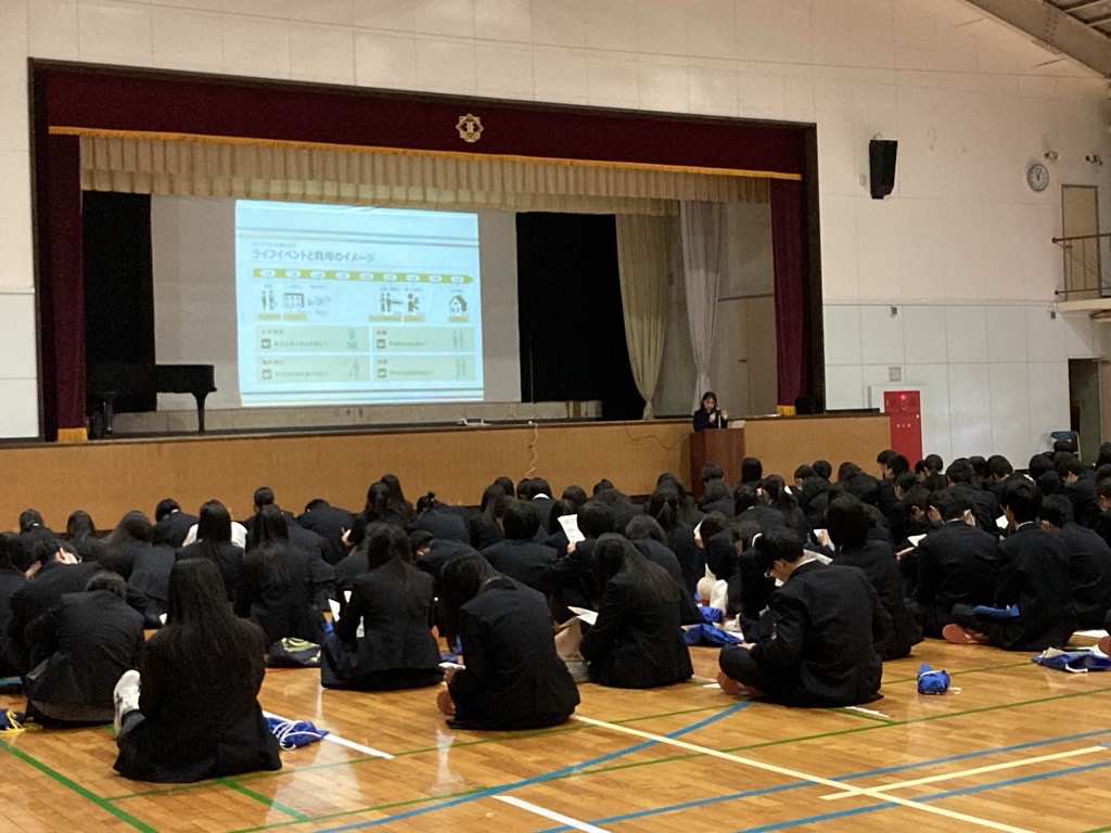 学校法人興南学園興南高等学校1年生を対象に「資産形成セミナー」「生活設計・家計管理セミナー」を開催しました。夢や目標に向かう生徒のみなさんへ、大学受験や一人暮らしにかかる諸費用、モノやサービスの20年間における価格変動を説明し、資産形成の必要性をお伝えいたしました。投資体験ゲームでは、投資は情報と予測が必要であることを体感していただきました。受講した生徒からは「高校1年生で大学進学する2年後のことを考えさせてくれて、想像が今までよりもっと膨らんだ」「ゲームを通して、投資のメリットやリスク、成功体験ができて、もって勉強して実際にやってみたいなと思えた」などの感想をいただきました。今後も未来を担う若い世代の皆さんに、お金に関する正しい知識をお伝えしてまいります。
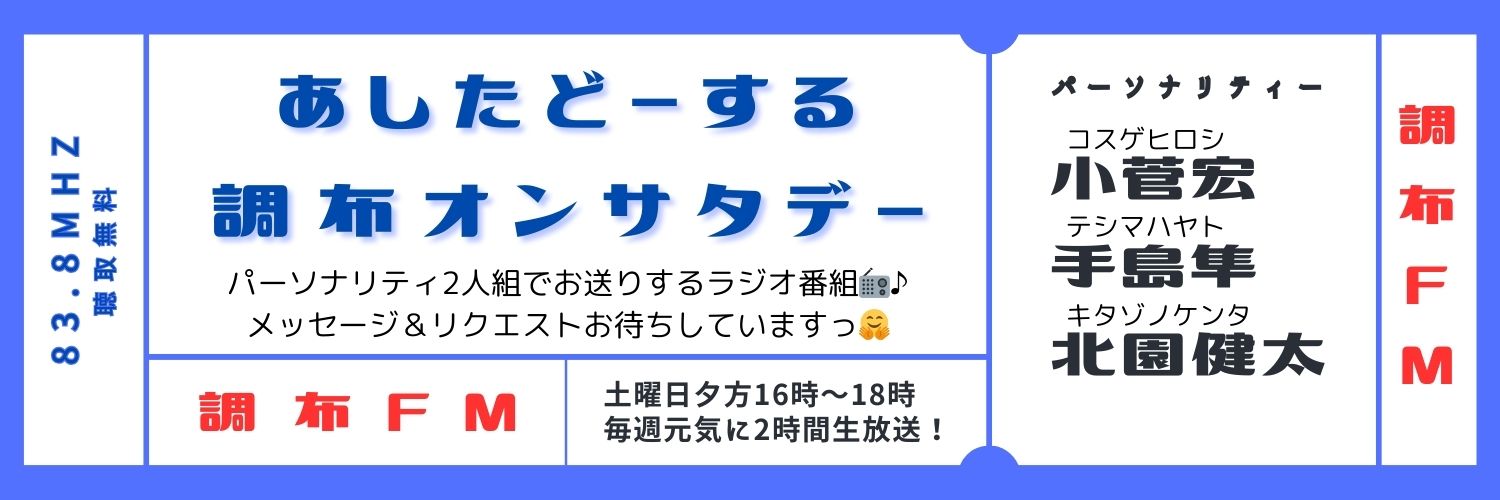 @ashisata838東京都調布市のコミュニティFM【調布FM】 毎週土曜日夕方4時から2時間生放送! 友達の家にいるようなゆる~い番組🎤 調布周辺の方→ラジオ周波数:83.8MHz スマホ&PCの方→ListenRadio(リスラジ)で関東→調布FMを選択 ハッシュタグ #あしたどーする メッセージは @ashisata838 でも🆗
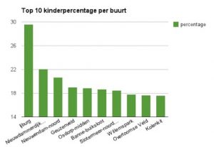 De top tien van meest kinderrijke buurten in Amsterdam in 2012, in aflopende volgorde. Grafiek: Femke Awater en Jonas Kooyman. 04 februari 2013, 15:24 - Jonas Kooyman
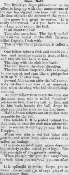 The first truly viral baseball story was an explanation of what baseball was… likely written by Henry Chadwick. It first appears in the Northeastern Viral Texts database as being printed in the Cleveland Daily Leader on October 18 in 1865, although it appears to be a at-best-paraphrased copy from a “Brooklyn Eagle Philosopher“. As I said earlier, it was almost certainly Henry Chadwick- baseball’s first sportswriter, statistician and overall salesman. He created the box score as we know it, as well as the statistics of batting averages and RBIs. The Eagle was his stomping grounds, so it seems natural he would be behind this. Here’s what this article said:
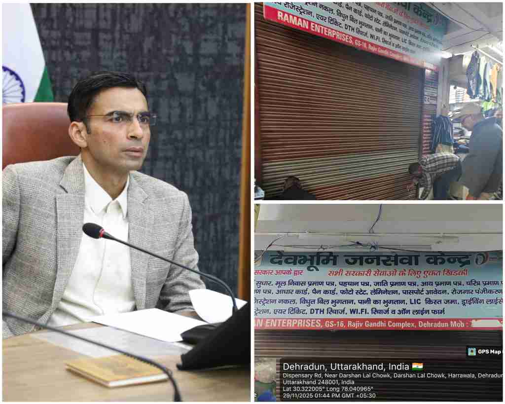 देहरादून दिनांक 30 नवंबर 2025, (सू वि), जिलाधिकारी सविन बंसल के निर्देश पर जिला प्रशासन की टीम ने तहसील परिसर अवस्थित रमन एन्टरप्राईजेज, सीएससी सेंटर में औचक निरीक्षण एवं छापेमारी की कार्रवाई की। यह कार्रवाई उपजिलाधिकारी कुमकुम जोशी के नेतृत्व में की गई।
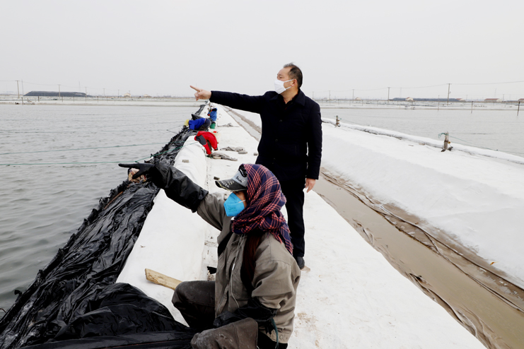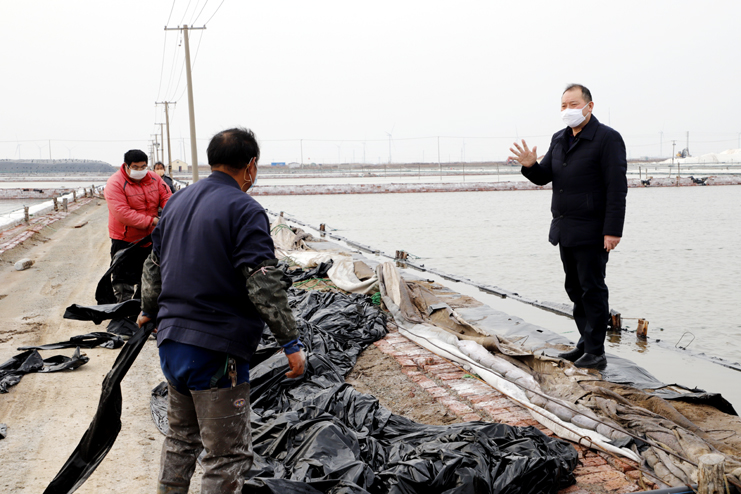 李國文首先來到日曬制鹽公司生產(chǎn)灘頭,現(xiàn)場察看復(fù)工復(fù)產(chǎn)情況。徒步灘頭,有的在補(bǔ)塑布、有的在修整廩基、有的在更換塑布,每個班組都在搶抓時間準(zhǔn)備春扒工作。隨后李國文先后前往西旺養(yǎng)殖池塘、明威田頭、宵洋物流碼頭,每到一處都詳細(xì)詢問職工口罩、消毒酒精等防護(hù)物資夠不夠用,有沒有外地回來的員工,并叮囑員工少接觸外地回來人員,錯開上下班時間,外出要帶口罩,保護(hù)好自己才能更好的為企業(yè)創(chuàng)造效益。
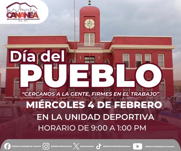 El Gobierno Municipal de Cananea que encabeza la presidenta municipal, Esmeralda González, te invita a ser parte del Día del Pueblo, un espacio de atención directa y cercana donde las dependencias municipales se unen para escucharte, orientarte y atender tus necesidades.
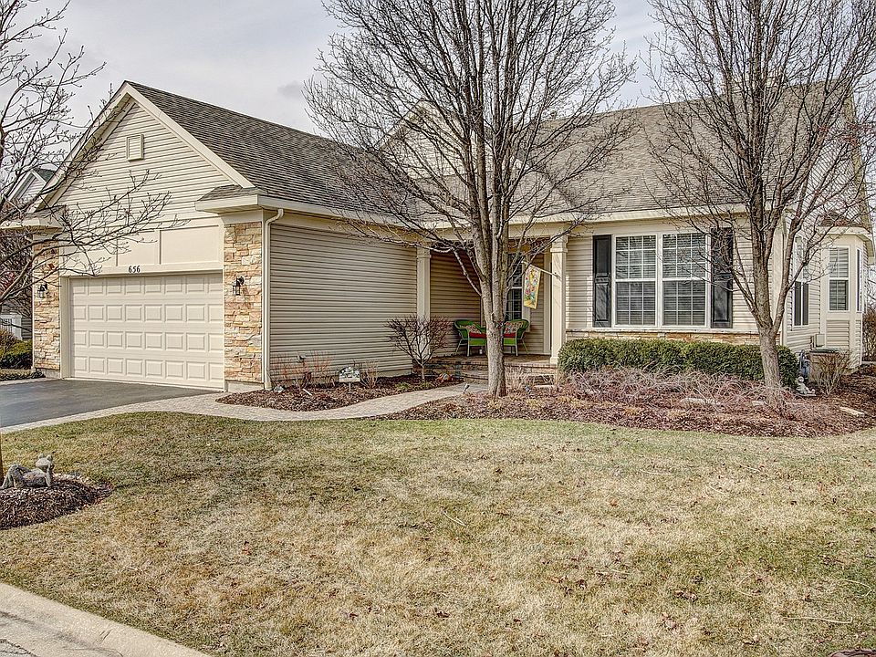 STUNNING!!!! Professional landscaping and paver walkway starts the journey to this wonderful home. New hardwood floors! Soaring ceilings, kitchen remodeled with gray cabinets, under and over the cabinet lighting, skylights. Family room with fireplace and built in book shelves. Sunroom and breakfast room open to GOLF COURSE VIEWS! 1st floor master with master bath, separate shower and tub. 2nd bath is newly remodeled. Den with built in desk. Closets with organizers. Full finished basement recreation area, wet bar, bedroom, office and full bath! Spacious paver patio, Smart home technology. $40,000+ in recent updates. Tons of storage in the oversized garage, basement and attic! Resort-like Grand Haven complete with clubhouse, pool, activities 55+ community. Easy access to highways and shopping.
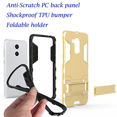 Cover Huawei Honor 6C Pro, GOGME [Tough Armor Series] Robusto Pannello Posteriore PC Antigraffio + Paraurti Antiurto TPU+ Pratico cavalletto, Blu
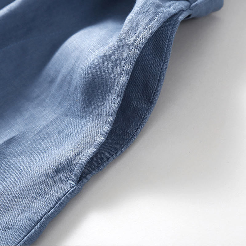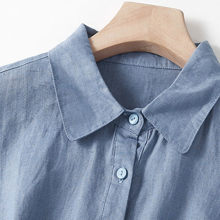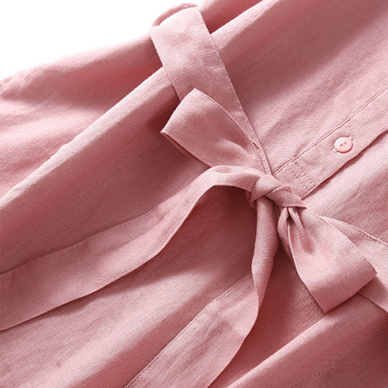 Buddha Stones Sommerliches, schlichtes, kurzärmliges Midikleid aus Baumwolle mit Schnürung und Taschen
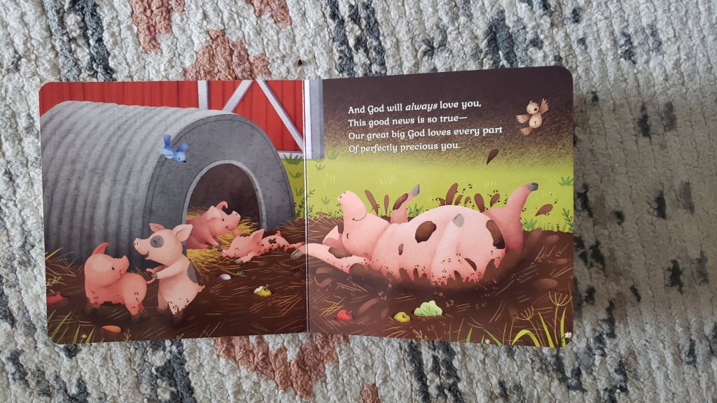 This lovely story explores Romans 8:39 through images of the Farm. Littles who love barnyard will thrill while reading how nothing can separate us from the love of God. Like little cows watching an airplane, God’s love reaches higher than that airplane can go. Or even when we make a wrong choice, like a naughty goat eating up the garden, God still loves us. Nothing can separate us from the love of God.
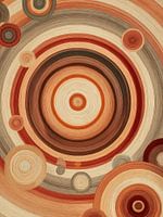 Een hypnotisch abstract werk opgebouwd uit concentrische cirkels in aardse tinten van roest, oker en zand. De handgetekende lijnen creëren beweging en diepte, alsof warmte zich in golven door het beeld verspreidt. Circles of Warmth brengt energie en zachtheid samen en vormt een harmonieus middelpunt in elk modern interieur.
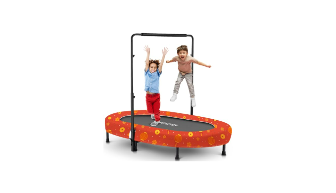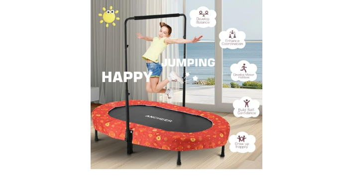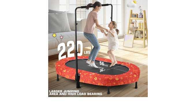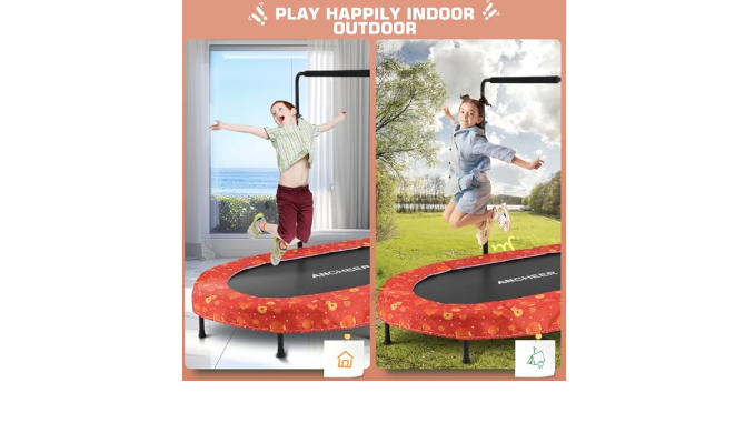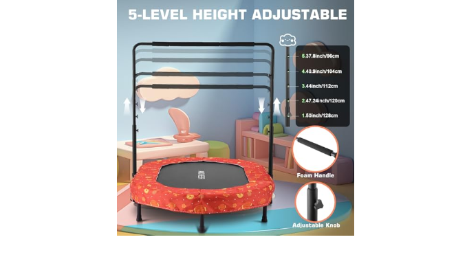 Suitable for Children of All Ages: This kids trampoline indoor comes with adjustable handlebars with 5 height levels to choose from and adjustments ranging from 38 to 45 inches for all ages.
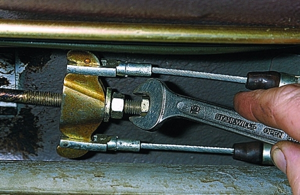 - Удлинение троса подразумевает его ослабление. Для этого нужно открутить контргайку. При натяжении троса, наоборот, контргайку следует закручивать.
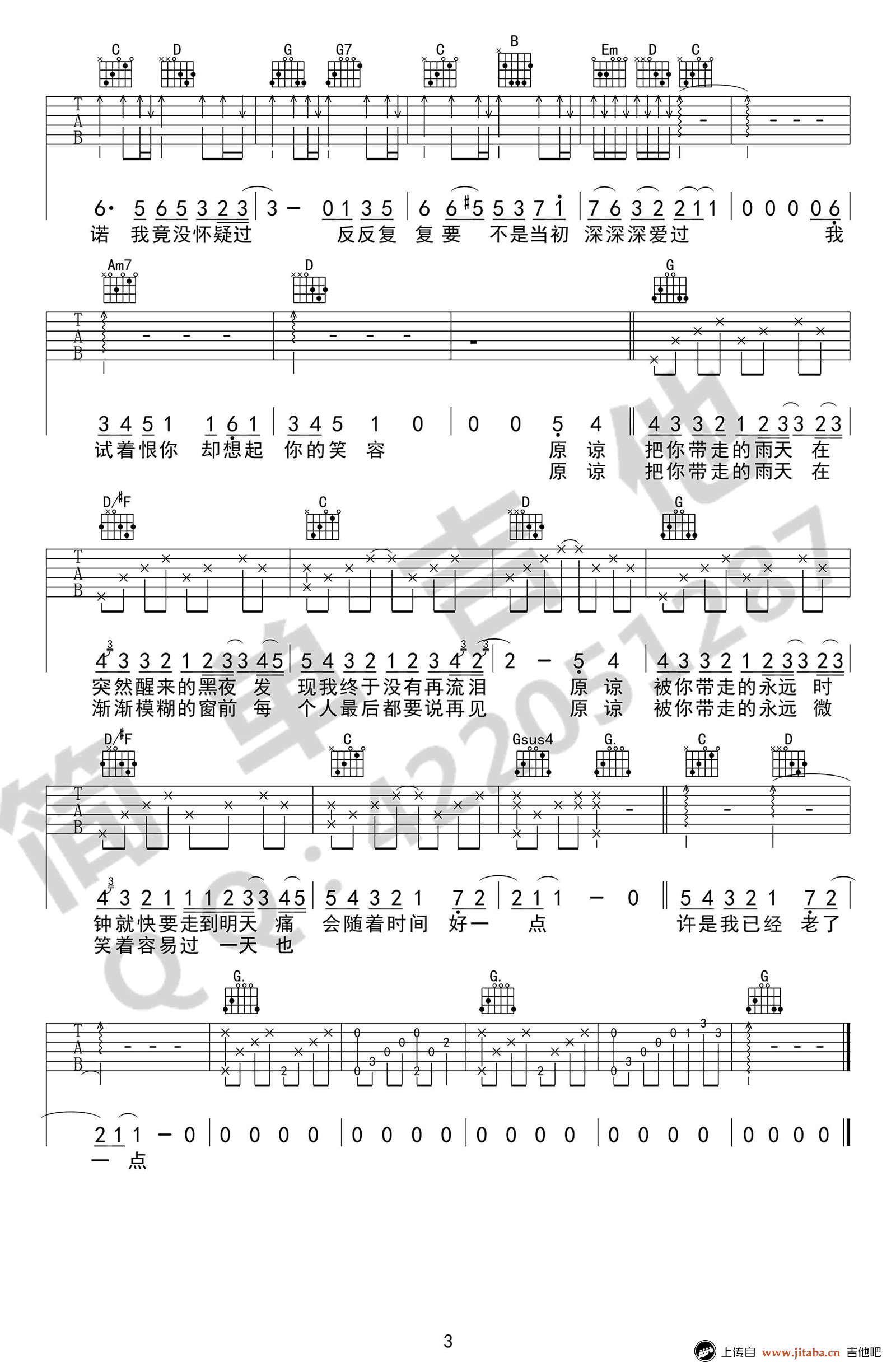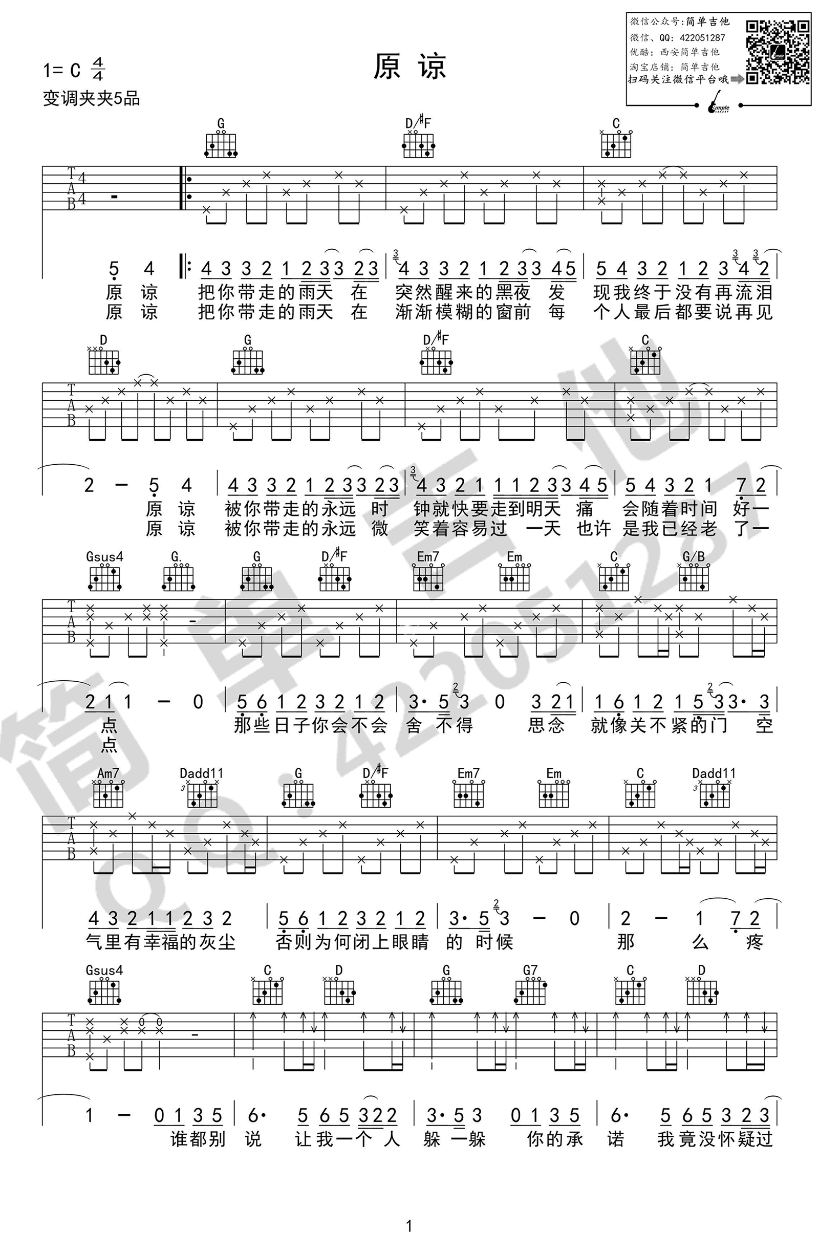 原谅吉他谱,陈玉华演唱,原谅吉他弹唱谱,原调C,变调夹夹五品,采用G调指法,三张高清图片谱,简单吉他编配,吉他吧网站上传推荐。 即使很多人不熟悉张玉华,也必定听过这首《原谅》,翻唱自日本组合kiroro的《一滴眼泪》,过去这么多年这首歌依然触动人心,有多少人的回忆都在这首歌里,又有多少人因为这首歌有了回忆。
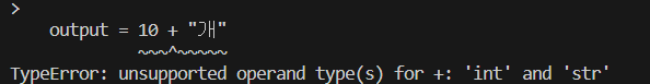 | output = 10 + "개" # 1. int("안녕하세요") # 2. cursor.close) # 3. [1, 2, 3, 4, 5][10] # 4. |
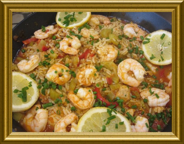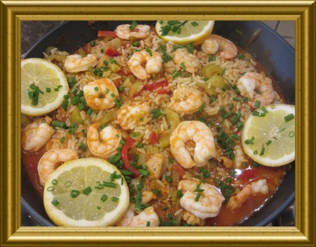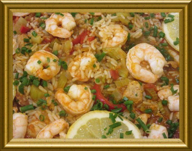 Zwiebeln, milder Paprika und Staudensellerie. Es gibt unterschiedlichste Jambalaya Variationen je nach Region. Hier eine klassische Variante mit Hähnchenfleisch, scharfer Chorizo Wurst und Garnelen aus der Region New Orleans. |

● ● ● ● ●

▶ _EXERCISE DESCRIPTION_
Retype, word for word, only the line holding "Suitable for Children" and the lines after it through the final line of the listing above, and leave every picture out.

▶ _THE ANSWER_
 Suitable for Children of All Ages: This kids trampoline indoor comes with adjustable handlebars with 5 height levels to choose from and adjustments ranging from 38 to 45 inches for all ages.
 - Удлинение троса подразумевает его ослабление. Для этого нужно открутить контргайку. При натяжении троса, наоборот, контргайку следует закручивать.
 原谅吉他谱,陈玉华演唱,原谅吉他弹唱谱,原调C,变调夹夹五品,采用G调指法,三张高清图片谱,简单吉他编配,吉他吧网站上传推荐。 即使很多人不熟悉张玉华,也必定听过这首《原谅》,翻唱自日本组合kiroro的《一滴眼泪》,过去这么多年这首歌依然触动人心,有多少人的回忆都在这首歌里,又有多少人因为这首歌有了回忆。
 | output = 10 + "개" # 1. int("안녕하세요") # 2. cursor.close) # 3. [1, 2, 3, 4, 5][10] # 4. |
 Zwiebeln, milder Paprika und Staudensellerie. Es gibt unterschiedlichste Jambalaya Variationen je nach Region. Hier eine klassische Variante mit Hähnchenfleisch, scharfer Chorizo Wurst und Garnelen aus der Region New Orleans. |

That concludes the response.